What if Apple phones coming after iPhone 13 could tell you when your screen got damaged or cracked?
A recently published Apple patent reveals that the company has explored advanced displays capable of detecting damage to the display via a “strain-sensing resistor” that aggregates strain measurements. Presumably, this would allow the phone to find cracks that are too small to be noticed and alert users to the damage before it escalates and potentially harms them or the phone’s delicate internal components.
The patent not only covers static screens, but also includes “flexible screens,” potentially including a foldable Apple phone like the so-called iPhone Flip, as AppleInsider pointed out. It’s still unclear what type of display Apple would use in its own foldable, but given that earlier devices in the niche like the original Samsung Galaxy Fold had more scratch-prone screens than handsets with glass screens, detecting damage to the screen might be helpful. We know Apple is concerned – a previous patent conceptualized a crack prevention layer for foldable phone screens.
Apple Patent No. 11,087,670 showing a circuit design for detecting cracks in a screen (Image Credit: Apple / USPTO)
While future flat, foldable iPhones may be better suited for crack-detection screen technology given the frequency with which users damage phone screens, the patent doesn’t limit its technology to only handsets. Indeed, it openly lists different categories of products in which such display technology could appear, such as computers and wristwatches.
In other words, we could see everything from MacBook Pros and iMacs to Apple Watches and iPads automatically detecting cracks which would be universally useful. There’s no reason Apple shouldn’t include it.
(Image credit: Avenir)
This presupposes a lot of sensing technology, however – we don’t know if it would be just as feasible to implement it in a large 27-inch iMac display as it does in the latest iPhones, which hit a 6.7-inch display. . It would make sense to roll it out in Apple phones first and then roll it out in its wider lineup.

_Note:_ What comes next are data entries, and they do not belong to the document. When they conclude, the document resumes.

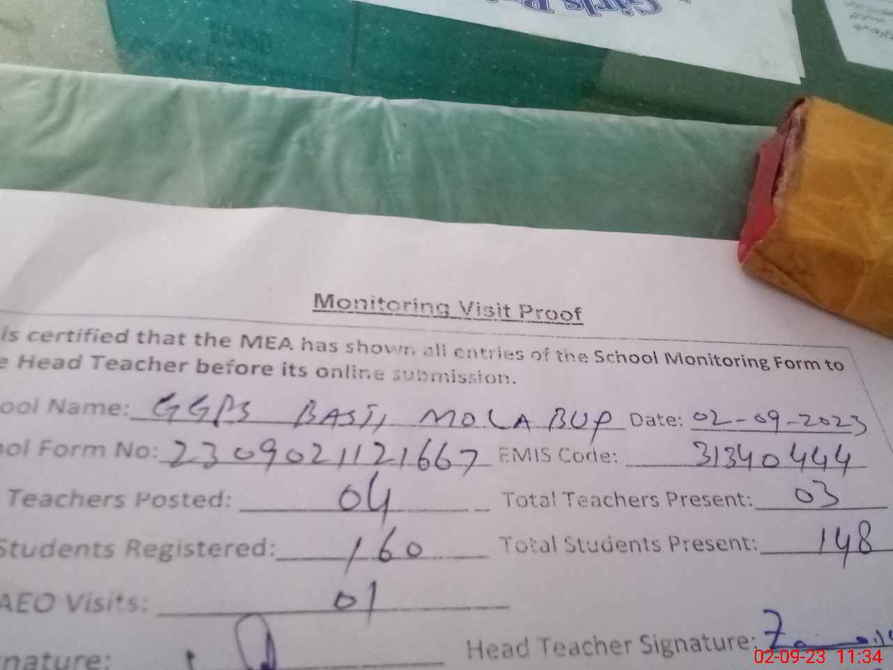 | Attendance Register | Head Teacher | MEA with School | Visit Proof |
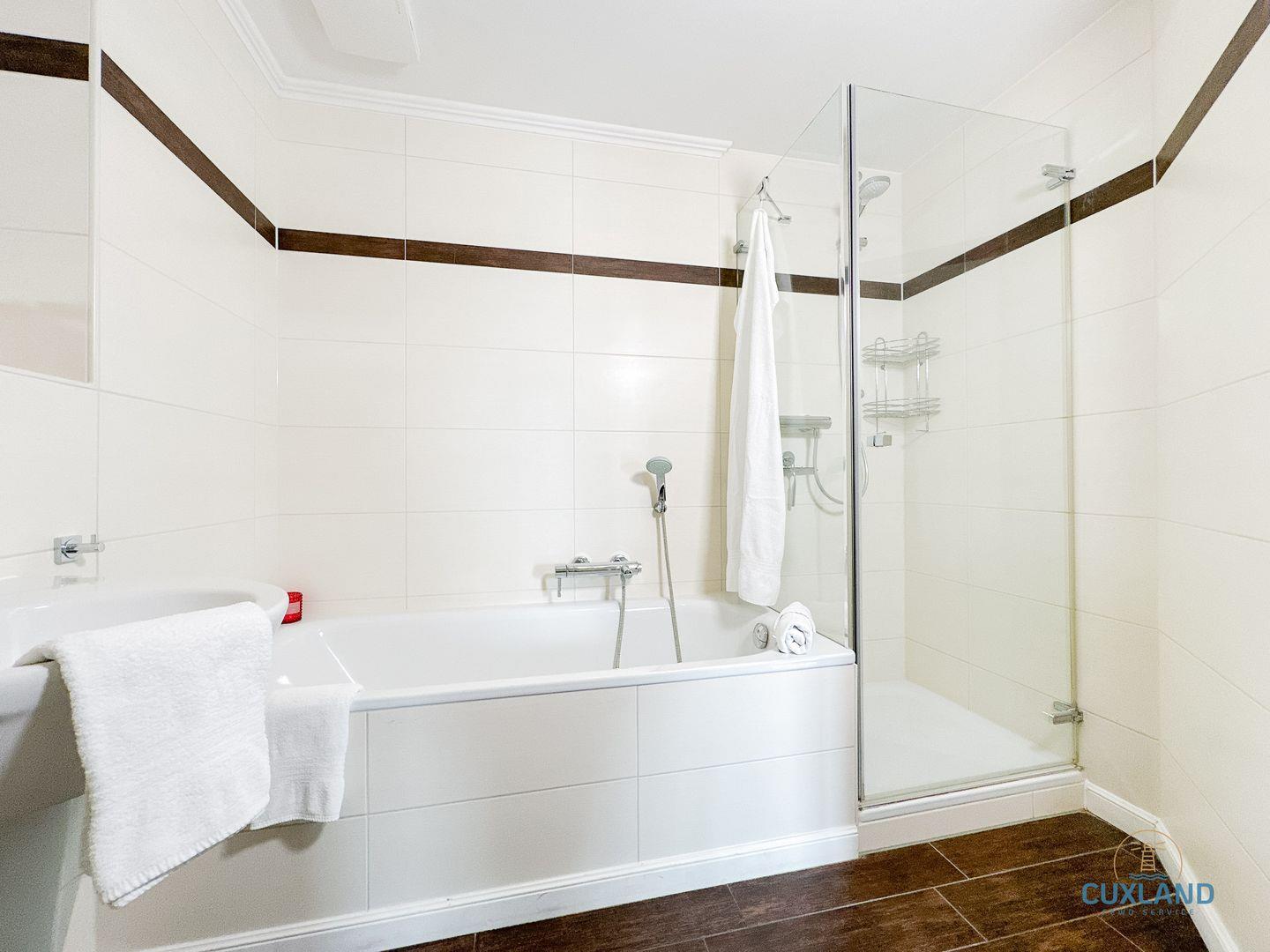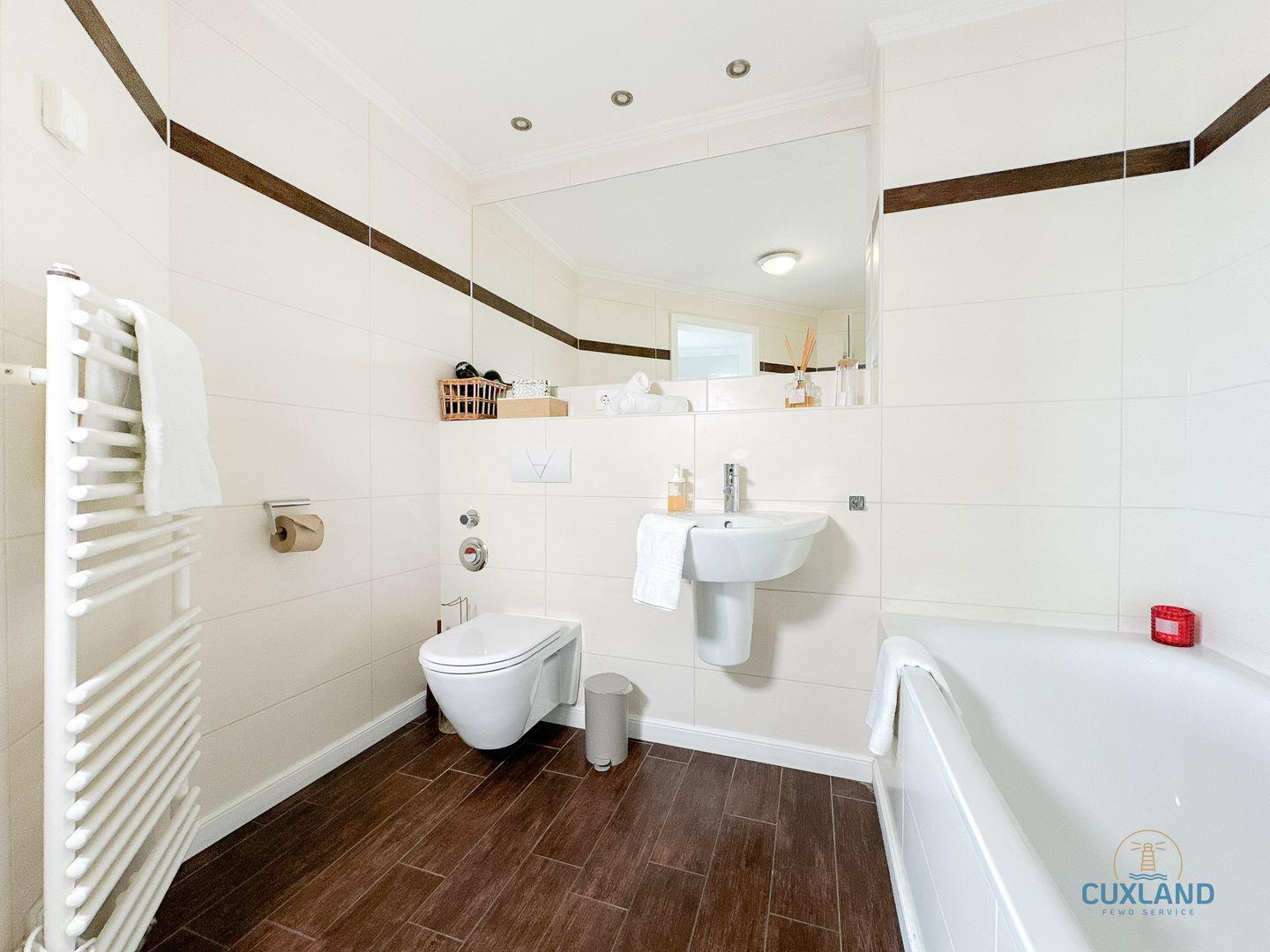 - Großzügiges Bad mit Dusche, Badewanne, WC, Waschbecken, Spiegel & Haartrockner
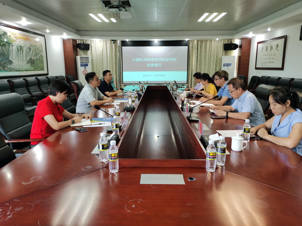 2020年9月25日下午,中共海南省委网信办副主任王建朝一行三人到pp电子游戏官网调研,围绕海南自贸港建设、进一步加强网络安全事务合作等议题在办公楼401室举行座谈会。pp电子游戏官网党委常委、副校长陈险峰,网教中心主任戴惟萌,计算机与pp电子游戏官网副院长曹春杰(主持工作),副院长程杰仁、副院长周晓谊参加座谈会。会议由陈险峰主持。

Finally, it would be fair for Apple to outperform its competitors in the display arena given that it generally lags behind when it comes to mobile screen technology – we’ve only just had OLED displays in the lineup. iPhone 12 from last year, years after Samsung and other Android phone makers added them to their high-end phones.
We don’t expect Apple to roll out crack detection anytime soon, especially since this is the first time we’ve heard of it. Currently, the company is slowly upgrading the displays on its devices to mini LEDs like in the 2021 12.9-inch iPad Pro (and, rumored to be, 2021 MacBook Pro laptops), so crack detection could. to be the next screen technology that comes next as the next unmissable breakthrough in the Apple lineup.